- _ABOUT THIS TASK_: In the entries below, count the lines holding "classic". Reply with the number only.

- _DATA FOR REVIEW_:
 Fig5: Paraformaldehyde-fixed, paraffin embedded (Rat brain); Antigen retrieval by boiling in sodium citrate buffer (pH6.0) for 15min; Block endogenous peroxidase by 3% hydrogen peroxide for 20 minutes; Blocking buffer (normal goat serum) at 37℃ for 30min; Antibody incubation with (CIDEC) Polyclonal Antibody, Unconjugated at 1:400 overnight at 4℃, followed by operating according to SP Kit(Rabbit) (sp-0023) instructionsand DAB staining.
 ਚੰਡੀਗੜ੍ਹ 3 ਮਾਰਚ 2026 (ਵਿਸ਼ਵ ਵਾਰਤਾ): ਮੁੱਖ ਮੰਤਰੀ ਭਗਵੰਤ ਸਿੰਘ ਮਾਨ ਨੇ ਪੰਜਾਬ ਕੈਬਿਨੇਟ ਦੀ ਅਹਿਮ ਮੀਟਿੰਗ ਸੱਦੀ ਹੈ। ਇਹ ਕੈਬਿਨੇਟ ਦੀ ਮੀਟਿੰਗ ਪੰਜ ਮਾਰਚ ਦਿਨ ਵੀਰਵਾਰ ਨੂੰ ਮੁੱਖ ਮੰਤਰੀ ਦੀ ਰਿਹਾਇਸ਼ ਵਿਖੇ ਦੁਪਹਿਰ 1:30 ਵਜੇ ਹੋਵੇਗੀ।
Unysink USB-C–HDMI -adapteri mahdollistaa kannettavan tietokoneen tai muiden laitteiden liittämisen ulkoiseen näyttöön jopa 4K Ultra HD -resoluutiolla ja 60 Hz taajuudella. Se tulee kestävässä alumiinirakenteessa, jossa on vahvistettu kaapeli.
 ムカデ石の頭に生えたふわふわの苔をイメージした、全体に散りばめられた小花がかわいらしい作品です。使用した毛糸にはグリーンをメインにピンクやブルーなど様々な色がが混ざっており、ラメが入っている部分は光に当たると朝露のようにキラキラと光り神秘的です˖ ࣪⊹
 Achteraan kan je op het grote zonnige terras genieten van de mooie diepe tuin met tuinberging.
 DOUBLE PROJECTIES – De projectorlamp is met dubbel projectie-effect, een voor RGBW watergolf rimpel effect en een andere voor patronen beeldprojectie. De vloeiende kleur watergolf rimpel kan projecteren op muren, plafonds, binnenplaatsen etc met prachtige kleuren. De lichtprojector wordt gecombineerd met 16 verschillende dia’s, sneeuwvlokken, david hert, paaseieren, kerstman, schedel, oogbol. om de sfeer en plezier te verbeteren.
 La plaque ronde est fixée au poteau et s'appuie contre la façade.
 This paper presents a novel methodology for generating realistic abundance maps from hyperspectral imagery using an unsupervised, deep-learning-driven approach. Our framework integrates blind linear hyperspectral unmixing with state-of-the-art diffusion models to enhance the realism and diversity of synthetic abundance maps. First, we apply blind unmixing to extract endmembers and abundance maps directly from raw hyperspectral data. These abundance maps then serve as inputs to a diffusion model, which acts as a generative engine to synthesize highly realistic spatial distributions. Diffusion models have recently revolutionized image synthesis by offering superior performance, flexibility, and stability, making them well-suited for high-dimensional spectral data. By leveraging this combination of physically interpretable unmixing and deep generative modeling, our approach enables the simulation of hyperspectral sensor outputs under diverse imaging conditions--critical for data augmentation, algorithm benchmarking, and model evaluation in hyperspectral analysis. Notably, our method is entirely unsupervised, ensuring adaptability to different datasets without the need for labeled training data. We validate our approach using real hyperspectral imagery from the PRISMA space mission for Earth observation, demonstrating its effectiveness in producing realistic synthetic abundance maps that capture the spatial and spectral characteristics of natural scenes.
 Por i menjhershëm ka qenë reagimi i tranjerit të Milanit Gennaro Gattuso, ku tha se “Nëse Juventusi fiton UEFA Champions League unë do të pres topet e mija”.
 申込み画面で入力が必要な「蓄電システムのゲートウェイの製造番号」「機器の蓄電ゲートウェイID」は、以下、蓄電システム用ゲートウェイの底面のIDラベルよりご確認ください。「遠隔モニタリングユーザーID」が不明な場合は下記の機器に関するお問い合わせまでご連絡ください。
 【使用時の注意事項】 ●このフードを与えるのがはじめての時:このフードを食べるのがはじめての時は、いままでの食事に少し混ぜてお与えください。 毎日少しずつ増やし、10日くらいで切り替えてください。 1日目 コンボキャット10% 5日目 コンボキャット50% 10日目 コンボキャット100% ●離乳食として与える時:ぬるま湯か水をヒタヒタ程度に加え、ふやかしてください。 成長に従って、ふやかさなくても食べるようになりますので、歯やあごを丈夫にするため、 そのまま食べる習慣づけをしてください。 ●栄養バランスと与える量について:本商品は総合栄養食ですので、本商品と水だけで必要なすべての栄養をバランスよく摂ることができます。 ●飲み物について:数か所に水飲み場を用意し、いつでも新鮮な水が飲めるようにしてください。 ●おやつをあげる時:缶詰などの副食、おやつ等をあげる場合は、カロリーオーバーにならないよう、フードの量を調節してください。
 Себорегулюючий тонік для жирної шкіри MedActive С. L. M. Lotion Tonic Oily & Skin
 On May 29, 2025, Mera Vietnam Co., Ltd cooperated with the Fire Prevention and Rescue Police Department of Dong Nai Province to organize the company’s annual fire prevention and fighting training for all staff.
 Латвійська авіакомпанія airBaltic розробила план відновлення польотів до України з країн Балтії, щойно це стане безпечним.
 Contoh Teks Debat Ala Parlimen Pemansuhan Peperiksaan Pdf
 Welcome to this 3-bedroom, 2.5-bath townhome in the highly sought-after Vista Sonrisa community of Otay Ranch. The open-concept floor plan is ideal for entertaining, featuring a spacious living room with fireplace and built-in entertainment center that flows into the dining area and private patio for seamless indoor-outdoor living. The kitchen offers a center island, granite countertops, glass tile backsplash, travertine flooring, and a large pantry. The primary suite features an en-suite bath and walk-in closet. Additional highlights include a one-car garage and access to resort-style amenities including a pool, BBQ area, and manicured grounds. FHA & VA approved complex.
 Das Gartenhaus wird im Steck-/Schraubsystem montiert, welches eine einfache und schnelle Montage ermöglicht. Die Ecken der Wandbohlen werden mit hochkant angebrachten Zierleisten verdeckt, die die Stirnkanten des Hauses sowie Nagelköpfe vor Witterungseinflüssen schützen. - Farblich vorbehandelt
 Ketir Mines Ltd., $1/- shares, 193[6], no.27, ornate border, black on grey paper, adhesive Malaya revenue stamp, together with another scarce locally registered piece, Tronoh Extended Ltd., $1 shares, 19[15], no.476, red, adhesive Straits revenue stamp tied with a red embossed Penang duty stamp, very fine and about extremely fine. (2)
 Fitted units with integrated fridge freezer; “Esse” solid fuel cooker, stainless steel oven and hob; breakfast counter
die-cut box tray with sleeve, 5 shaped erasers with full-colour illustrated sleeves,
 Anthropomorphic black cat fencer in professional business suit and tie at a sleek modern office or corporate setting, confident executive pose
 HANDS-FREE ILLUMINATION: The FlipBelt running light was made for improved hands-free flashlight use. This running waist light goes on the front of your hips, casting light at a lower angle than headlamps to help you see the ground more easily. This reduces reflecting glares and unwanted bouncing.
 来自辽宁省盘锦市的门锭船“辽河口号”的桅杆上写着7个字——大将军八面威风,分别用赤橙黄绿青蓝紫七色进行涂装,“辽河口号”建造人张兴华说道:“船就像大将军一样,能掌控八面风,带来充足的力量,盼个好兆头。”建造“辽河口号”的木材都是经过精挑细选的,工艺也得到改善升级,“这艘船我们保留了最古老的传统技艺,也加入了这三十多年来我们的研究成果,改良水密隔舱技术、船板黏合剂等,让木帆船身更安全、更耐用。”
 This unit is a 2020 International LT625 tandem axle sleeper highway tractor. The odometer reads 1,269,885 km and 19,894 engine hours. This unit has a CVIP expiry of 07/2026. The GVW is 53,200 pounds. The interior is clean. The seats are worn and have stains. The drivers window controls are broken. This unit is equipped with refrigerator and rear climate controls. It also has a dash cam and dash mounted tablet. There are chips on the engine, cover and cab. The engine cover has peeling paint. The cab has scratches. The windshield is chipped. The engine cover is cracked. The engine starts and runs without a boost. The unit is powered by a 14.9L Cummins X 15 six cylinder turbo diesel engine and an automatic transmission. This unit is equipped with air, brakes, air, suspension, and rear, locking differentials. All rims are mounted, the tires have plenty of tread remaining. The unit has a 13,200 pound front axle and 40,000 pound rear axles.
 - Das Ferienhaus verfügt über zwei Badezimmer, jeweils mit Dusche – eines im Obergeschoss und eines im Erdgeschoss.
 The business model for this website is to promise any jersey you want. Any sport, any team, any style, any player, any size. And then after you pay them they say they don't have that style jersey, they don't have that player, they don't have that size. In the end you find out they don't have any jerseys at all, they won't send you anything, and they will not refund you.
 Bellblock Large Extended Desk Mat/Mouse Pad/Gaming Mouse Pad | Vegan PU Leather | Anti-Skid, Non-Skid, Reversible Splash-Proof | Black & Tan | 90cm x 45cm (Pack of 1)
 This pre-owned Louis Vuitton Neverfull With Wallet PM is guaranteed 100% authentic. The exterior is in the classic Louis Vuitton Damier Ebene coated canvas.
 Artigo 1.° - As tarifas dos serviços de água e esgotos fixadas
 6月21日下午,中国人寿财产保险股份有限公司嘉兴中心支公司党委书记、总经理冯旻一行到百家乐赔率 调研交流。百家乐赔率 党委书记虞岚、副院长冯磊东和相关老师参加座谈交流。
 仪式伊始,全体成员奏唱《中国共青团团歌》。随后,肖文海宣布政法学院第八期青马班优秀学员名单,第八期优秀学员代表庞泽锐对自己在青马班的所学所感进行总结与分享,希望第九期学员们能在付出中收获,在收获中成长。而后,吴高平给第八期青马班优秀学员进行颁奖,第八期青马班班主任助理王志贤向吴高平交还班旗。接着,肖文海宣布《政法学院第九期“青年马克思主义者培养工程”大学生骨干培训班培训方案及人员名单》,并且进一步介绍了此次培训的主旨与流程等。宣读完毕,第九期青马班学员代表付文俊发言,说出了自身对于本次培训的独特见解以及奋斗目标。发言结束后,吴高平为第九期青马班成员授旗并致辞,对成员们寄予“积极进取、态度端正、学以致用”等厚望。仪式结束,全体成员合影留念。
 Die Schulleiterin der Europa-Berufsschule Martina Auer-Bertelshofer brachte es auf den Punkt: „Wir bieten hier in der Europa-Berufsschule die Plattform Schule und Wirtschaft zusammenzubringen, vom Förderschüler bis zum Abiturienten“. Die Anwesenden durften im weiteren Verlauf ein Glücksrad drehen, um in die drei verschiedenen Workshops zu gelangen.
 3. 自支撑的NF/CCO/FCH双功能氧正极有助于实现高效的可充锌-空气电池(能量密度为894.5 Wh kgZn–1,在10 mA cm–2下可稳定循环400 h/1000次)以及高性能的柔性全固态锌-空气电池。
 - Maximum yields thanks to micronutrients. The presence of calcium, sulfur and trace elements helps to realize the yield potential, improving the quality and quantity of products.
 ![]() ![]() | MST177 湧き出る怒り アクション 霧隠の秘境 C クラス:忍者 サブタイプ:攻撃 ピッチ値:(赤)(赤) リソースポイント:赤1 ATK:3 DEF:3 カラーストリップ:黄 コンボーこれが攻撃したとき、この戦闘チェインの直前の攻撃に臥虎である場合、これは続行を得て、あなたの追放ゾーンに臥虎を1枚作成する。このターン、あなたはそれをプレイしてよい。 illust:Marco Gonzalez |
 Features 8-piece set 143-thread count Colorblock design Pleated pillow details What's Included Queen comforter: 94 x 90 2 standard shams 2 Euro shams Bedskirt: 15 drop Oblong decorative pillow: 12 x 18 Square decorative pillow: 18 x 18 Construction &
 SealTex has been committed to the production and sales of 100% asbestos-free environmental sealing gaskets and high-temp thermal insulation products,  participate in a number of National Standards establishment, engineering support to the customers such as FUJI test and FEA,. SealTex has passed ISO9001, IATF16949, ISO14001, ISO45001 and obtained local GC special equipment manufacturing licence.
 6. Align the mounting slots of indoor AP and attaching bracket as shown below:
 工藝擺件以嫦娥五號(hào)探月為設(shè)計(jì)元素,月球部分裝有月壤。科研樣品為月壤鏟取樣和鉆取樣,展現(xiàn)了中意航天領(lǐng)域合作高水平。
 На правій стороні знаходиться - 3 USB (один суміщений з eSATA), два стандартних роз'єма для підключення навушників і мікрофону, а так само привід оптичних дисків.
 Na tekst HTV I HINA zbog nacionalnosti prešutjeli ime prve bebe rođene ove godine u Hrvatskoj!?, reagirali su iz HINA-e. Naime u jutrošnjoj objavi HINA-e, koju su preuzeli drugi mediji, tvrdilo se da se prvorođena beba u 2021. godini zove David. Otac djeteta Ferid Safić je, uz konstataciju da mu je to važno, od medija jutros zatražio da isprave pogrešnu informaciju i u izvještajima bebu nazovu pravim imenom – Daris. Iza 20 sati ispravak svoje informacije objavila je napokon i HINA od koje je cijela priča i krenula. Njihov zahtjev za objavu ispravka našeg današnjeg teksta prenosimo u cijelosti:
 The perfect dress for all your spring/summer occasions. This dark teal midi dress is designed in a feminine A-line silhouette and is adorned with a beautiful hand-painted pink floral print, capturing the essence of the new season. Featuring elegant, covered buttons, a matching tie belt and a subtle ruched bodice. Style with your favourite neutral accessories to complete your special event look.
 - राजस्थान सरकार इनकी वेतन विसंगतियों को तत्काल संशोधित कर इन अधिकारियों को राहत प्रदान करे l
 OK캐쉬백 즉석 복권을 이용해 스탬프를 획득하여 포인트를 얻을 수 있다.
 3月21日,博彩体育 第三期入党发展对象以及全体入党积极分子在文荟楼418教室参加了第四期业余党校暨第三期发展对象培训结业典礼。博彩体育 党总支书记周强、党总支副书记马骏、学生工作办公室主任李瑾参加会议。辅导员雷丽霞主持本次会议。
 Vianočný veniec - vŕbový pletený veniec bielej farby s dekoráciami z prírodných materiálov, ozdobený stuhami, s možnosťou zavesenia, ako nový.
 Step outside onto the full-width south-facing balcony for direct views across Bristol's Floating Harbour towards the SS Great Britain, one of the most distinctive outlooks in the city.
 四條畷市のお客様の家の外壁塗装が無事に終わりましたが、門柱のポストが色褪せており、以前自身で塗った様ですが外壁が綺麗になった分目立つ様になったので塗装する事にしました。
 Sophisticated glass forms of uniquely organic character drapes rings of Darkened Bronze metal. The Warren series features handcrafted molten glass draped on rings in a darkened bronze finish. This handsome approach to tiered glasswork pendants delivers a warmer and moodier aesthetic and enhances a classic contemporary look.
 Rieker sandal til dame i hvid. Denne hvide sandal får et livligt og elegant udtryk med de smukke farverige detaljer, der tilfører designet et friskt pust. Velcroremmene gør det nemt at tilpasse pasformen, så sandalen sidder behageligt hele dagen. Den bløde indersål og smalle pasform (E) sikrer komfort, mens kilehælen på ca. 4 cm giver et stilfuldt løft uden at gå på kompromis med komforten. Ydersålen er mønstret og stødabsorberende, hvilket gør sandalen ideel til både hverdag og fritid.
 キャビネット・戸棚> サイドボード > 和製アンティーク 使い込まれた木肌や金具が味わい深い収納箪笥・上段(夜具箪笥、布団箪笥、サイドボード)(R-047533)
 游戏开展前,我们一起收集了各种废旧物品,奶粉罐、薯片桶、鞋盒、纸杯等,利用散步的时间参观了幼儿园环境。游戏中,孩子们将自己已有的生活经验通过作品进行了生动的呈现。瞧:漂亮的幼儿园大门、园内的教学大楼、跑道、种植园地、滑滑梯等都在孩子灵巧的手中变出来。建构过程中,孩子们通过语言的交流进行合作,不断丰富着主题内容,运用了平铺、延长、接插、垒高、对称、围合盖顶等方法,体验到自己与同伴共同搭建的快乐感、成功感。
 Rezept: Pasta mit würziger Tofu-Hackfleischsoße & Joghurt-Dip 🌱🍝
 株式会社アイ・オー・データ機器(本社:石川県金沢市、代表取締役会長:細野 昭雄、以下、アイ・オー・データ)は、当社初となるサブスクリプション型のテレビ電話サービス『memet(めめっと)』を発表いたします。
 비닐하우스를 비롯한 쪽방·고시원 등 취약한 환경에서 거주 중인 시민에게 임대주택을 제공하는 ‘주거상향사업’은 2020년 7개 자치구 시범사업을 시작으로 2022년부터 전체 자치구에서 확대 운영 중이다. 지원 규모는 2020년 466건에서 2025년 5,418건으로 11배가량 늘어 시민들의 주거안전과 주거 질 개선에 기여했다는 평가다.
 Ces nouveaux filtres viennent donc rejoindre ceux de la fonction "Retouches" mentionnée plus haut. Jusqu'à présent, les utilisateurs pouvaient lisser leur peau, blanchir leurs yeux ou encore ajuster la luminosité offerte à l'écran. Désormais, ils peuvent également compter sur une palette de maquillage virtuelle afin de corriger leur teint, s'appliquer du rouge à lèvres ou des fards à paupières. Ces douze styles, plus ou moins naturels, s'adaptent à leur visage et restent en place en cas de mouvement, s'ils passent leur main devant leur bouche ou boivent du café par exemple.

- _COMPLETED EXERCISE_: 2